Conversely, if you're just given some discount factors (eg from some swap curve) then you can multiply cash flows % by the given discount factors and sum them to get the price implied by the discount factors (which is not likely to match any observed price). For example
$$\begin{array} {|c|c|c|c|c|c|} \hline \ & \mbox{Undiscounted} & \mbox{Undiscounted} & \mbox{Made-up} & \mbox{Discounted} & \mbox{Discounted} \\ \mbox{Year} & \mbox{Cashflow} & \mbox{Cashflow} & \mbox{Discount} & \mbox{Cashflow} & \mbox{Cashflow} \\ & \mbox{\\\$} & \mbox{\%} & \mbox{Factor} & \mbox{\\\$} & \mbox{\%} \\ \hline 1 & 26,666.67 & 4 & \mathbf{0.95} & 25,333.33 & 3.80 \\ 2 & 360,000.00 & 54 & \mathbf{0.92} & 331,200.00 & 49.68 \\ 3 & 13,333.33 & 2 & \mathbf{0.89} & 11,866.67 & 1.78 \\ 4 & 13,333.33 & 2 & \mathbf{0.86} & 11,466.67 & 1.72 \\ 5 & 346,666.67 & 52 & \mathbf{0.83} & 287,733.33 & 43.16 \\ \hline \\ \mbox{Total} & 760,000 & 114 & & 667,600 & 100.14 \\ \hline \end{array}$$
These made-up discount factors imply the dirty price of 100.14. Subtracting the accrued interest, we get clean price of 100.14 - 1 = 99.14.

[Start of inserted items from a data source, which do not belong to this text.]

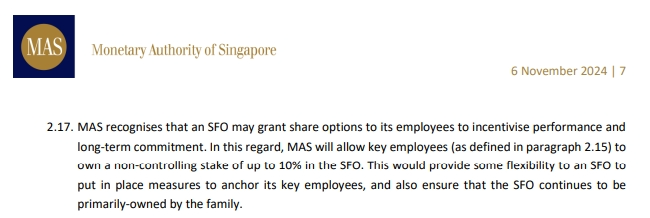 同时,新加坡金管局还允许非家族成员的关键职员持有单一家办最多10%的股权,这些关键职员包括执行董事、首席执行官、首席财务官等投资专业人士。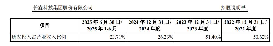 2025年上半年,长鑫科技研发费用率达23.71%,超过同期行业平均值10.37%,也明显高于国际DRAM巨头三星电子、SK海力士、美光同期的研发费用率11.74%、7.39%、10.66%。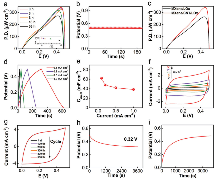 a) 在0.5 M PBS含15 mM乳酸條件下,不同時間(至36小時)的功率密度-電壓曲線及功率密度保持率(插圖為實物照片);b) 相同條件下的開路電壓(OCV)曲線;c) 分別以MXene/LOx和MXene/CNT/LOx作為生物陽極時的功率密度-電壓對比曲線;d) 0.5 M PBS中不同電流密度下的恒電流充放電曲線,e) 對應面積電容計算結果;f) 不同掃描速率下的循環伏安(CV)曲線;g) 0.5 M PBS中以100 mV s?¹掃描速率進行500次CV循環的穩定性測試;h) 不含乳酸的0.5 M PBS中,BSC裝置充電至0.5 V后的自放電曲線;i) 含15 mM乳酸時的自充電曲線。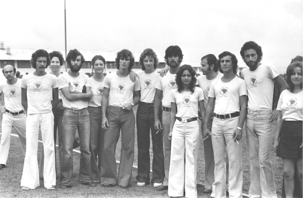 Audiodescrição da imagem: Fotografia em preto e branco de 13 pessoas, lado a lado, de corpo inteiro, próximos a linha branca de um gramado. São nove homens e quatro mulheres. O primeiro está mais atrás e a perna direita a frente. É careca e aparenta ter mais idade que os demais. Olhar sério com as mãos na cintura. Os demais são jovens, cabelos volumosos e ondulados. Todos vestem uma camiseta branca, manga curta, com a logomarca circular do Projeto Rondon no peito. Doze deles usam as camisetas por dentro das calças de cós alto e bocas largas, exceto a última à esquerda, que usa por dentro de uma minissaia com duas pregas e bainha larga. Dois jovens seguram cigarros entre os dedos. Um jovem e uma jovem estão de mãos dadas. Somente uma mulher sorri abertamente, as demais sorriem discretamente. Dois homens sorriem discretamente. Os demais estão sérios. Ao fundo, a fachada de um prédio.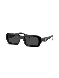 logo-lettering rectangular sunglasses Crafted from black acetate, these Prada sunglasses give off a retro feel thanks to their rectangle frame and thick rim. At the temples, silver-tone logo lettering adds the final touch. Highlights - Black - Acetate - Silver-tone logo lettering at the arm - Rectangle frame - Grey tinted lenses - Straight arms - Curved tips - These glasses come with a protective case. Composition Acetate 100%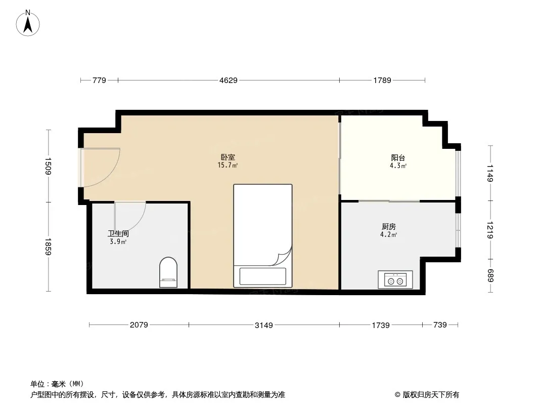 户型齐全,主打双阳台,主卧朝南一居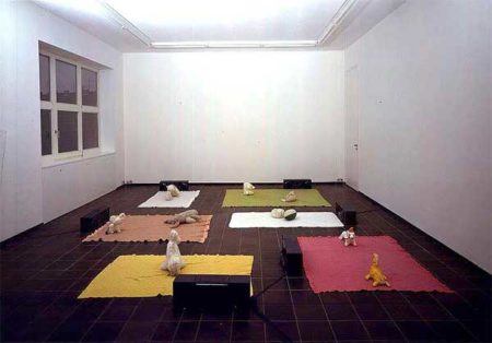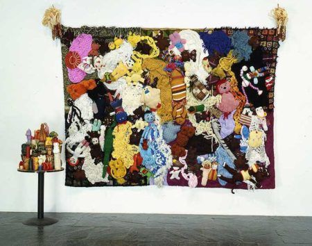 He also comments on and undermines the legitimacy of the concept of victim or trauma culture, which posits that almost all behavior results from some form of repressed abuse. Kelley’s ongoing pseudo-autobiographical project, Extracurricular Activity Projective Reconstruction, begun in 1995, is a planned compendium of 365 sculpture and video works, inspired by mundane yearbook photos and an examination of his own selective amnesia. Kelley’s aesthetic mines the rich and often overlooked history of vernacular art in America, and his practice borrows heavily from the confrontational, politically conscious, “by all means necessary” attitude of punk music.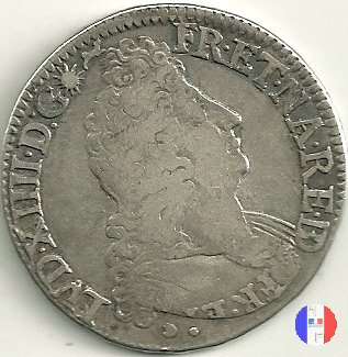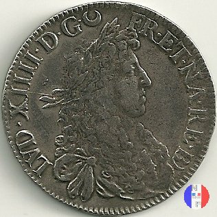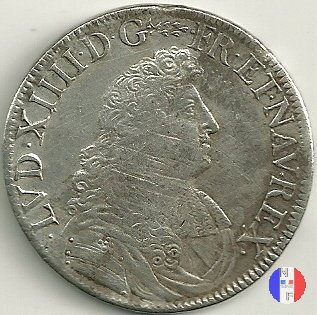 scudo " à la perruque" Dritto: ↻ •LVD.XIIII.D.G.FR.ET.NAV.REX Busto drappeggiato del re a destra. Verso: ↻ •SIT.NOMEN.DOMINI.(SZ).BENEDICTVM.(ANNO) Scudo di Francia coronato. | |
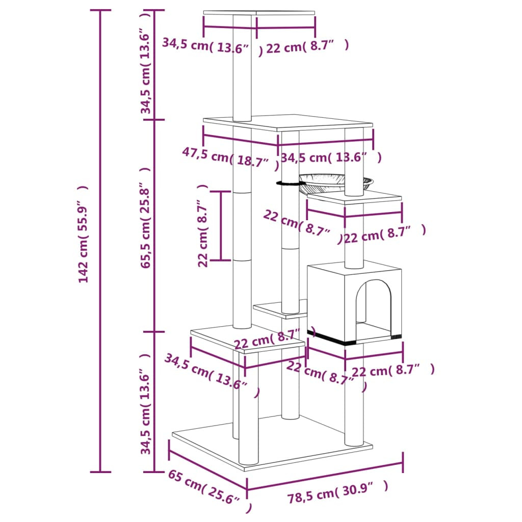 krémszínű macskabútor szizál kaparófákkal 142 cm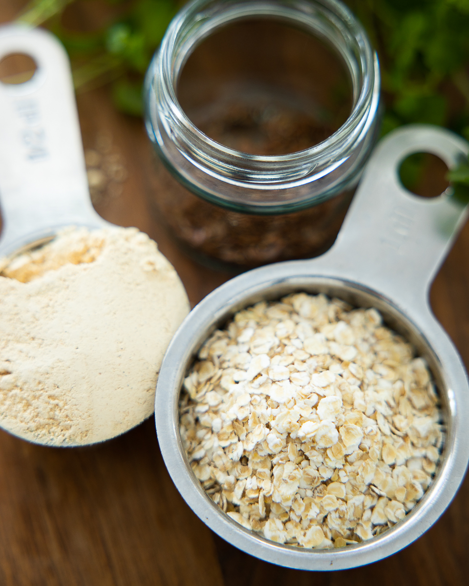 - Mittaa lasipurkkiin kaurahiutaleet, pellavansiemenet ja proteiinijauhe.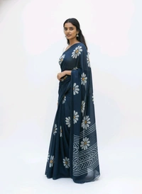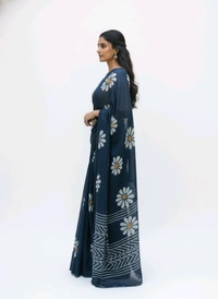 Tik Tok FLORAL PRINTED Navy Blue Chiffon Saree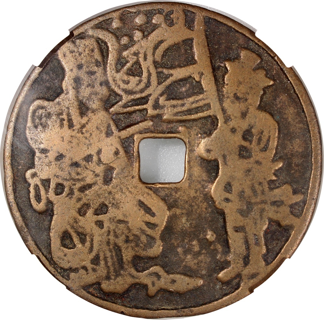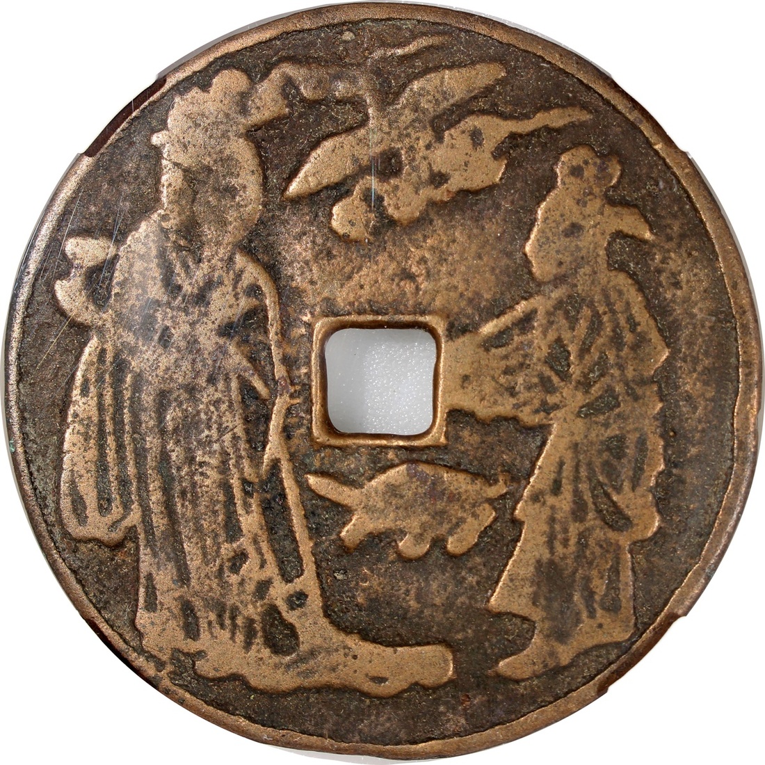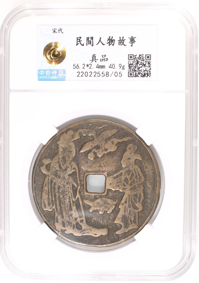 China: Song-Yuan Dynasty (960-1368 CE), coin-shaped charm with square central hole, obverse showing celestial guardian god with attendant, reverse showing the Black Warrior with attendant, 56.2*2.4mm, 40.9g, Zhong Qian Genuine, labelled as Song Dynasty.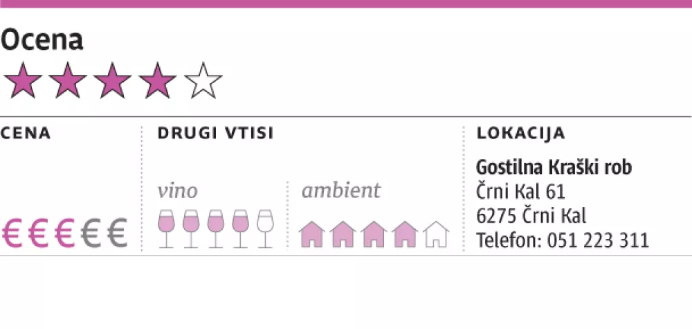 Naj povemo, da je tempo natakarjev ob koncu našega kosila rahlo popuščal. Verjetno bodo morali v času največjega navala – gneča se ob teh cenah in takšni ponudbi gotovo ne bo zmanjševala – najeti še kakšen par rok, da bodo nosile krožnike. Tudi krožnike s sladicami, kjer kuhinja spet ni zatajila. Na Primorskem boste morda kje dobili podobno sladko jabolčno krostato, zelo težko pa takšno kremšnito, kot jo imajo pri Kraškem robu. Če ne spite blizu, pa istrsko ponudbo digestivov na črnokalskih ovinkih enostavno odsvetujemo.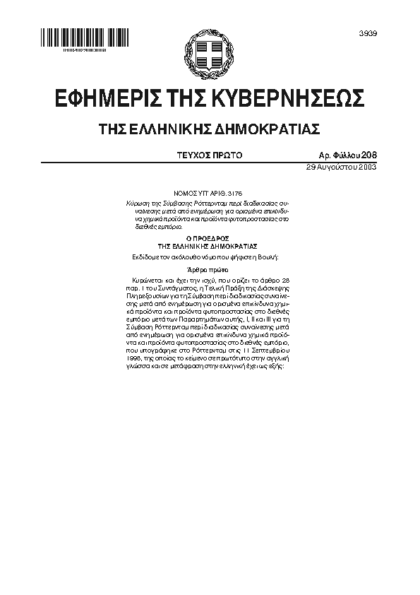 ΚΥΡΩΣΗ ΤΗΣ ΣΥΜΒΑΣΗΣ ΡΟΤΤΕΡΝΤΑΜ ΠΕΡΙ ΔΙΑΔΙΚΑΣΙΑΣ ΣΥΝΑΙΝΕΣΗΣ ΜΕΤΑ ΑΠΟ ΕΝΗΜΕΡΩΣΗ ΓΙΑ ΟΡΙΣΜΕΝΑ ΕΠΙΚΙΝΔΥΝΑ ΧΗΜΙΚΑ ΠΡΟΪΟΝΤΑ ΦΥΤΟΠΡΟΣΤΑΣΙΑΣ ΣΤΟ ΔΙΕΘΝΕΣ ΕΜΠΟΡΙΟ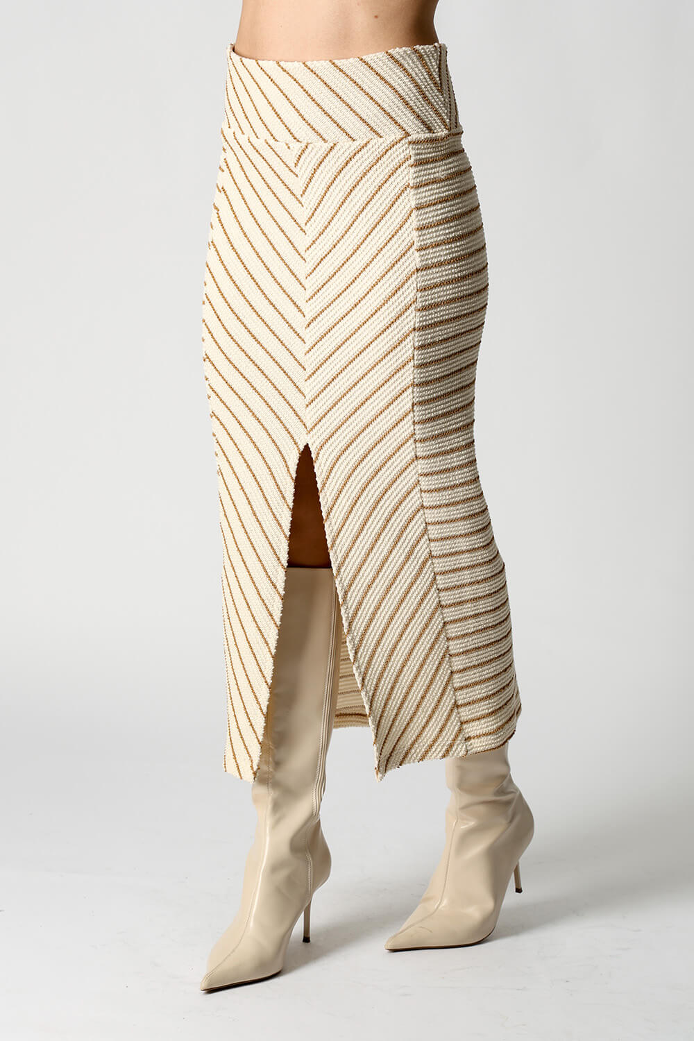 A Saia de Tricot Listrado é uma peça versátil e estilosa, com cós largo que proporciona ótimo ajuste e uma fenda frontal que traz leveza e movimento ao visual. O padrão listrado adiciona um toque moderno, tornando-a ideal para composições casuais ou mais elegantes.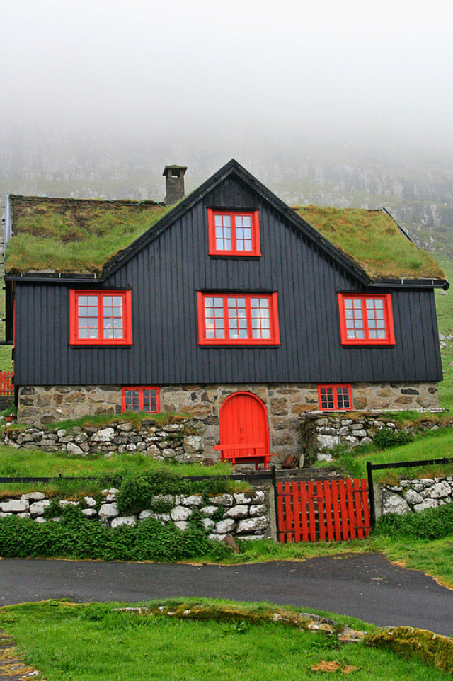 Aunque el pueblo de Kirkjubøur fue reconstruido luego de ser arrasado por tormentas hace dos siglos, lo que vemos hoy es el aspecto tradicional del lugar (y muy bien conservado). Los techos a dos aguas cubiertos de hierba son una respuesta a la disponibilidad del clima y de materiales desde hace siglos, un modo de construcción sustentable y tradicional que protege del frío, el viento y la humedad:

Or, if you're just given the net of the discounted cash flows, like USD 667,600, then you still can divide by the principal as of the settlement date (USD 1,000,000 * 2/3) to get the dirty price of 100.14%. If you wish, you can also solve for the yield explaining this price, possibly using yet other discount factors corresponding to this yield. To get a clean price, you subtract the accrued interest from the dirty price (again, being careful with the factor).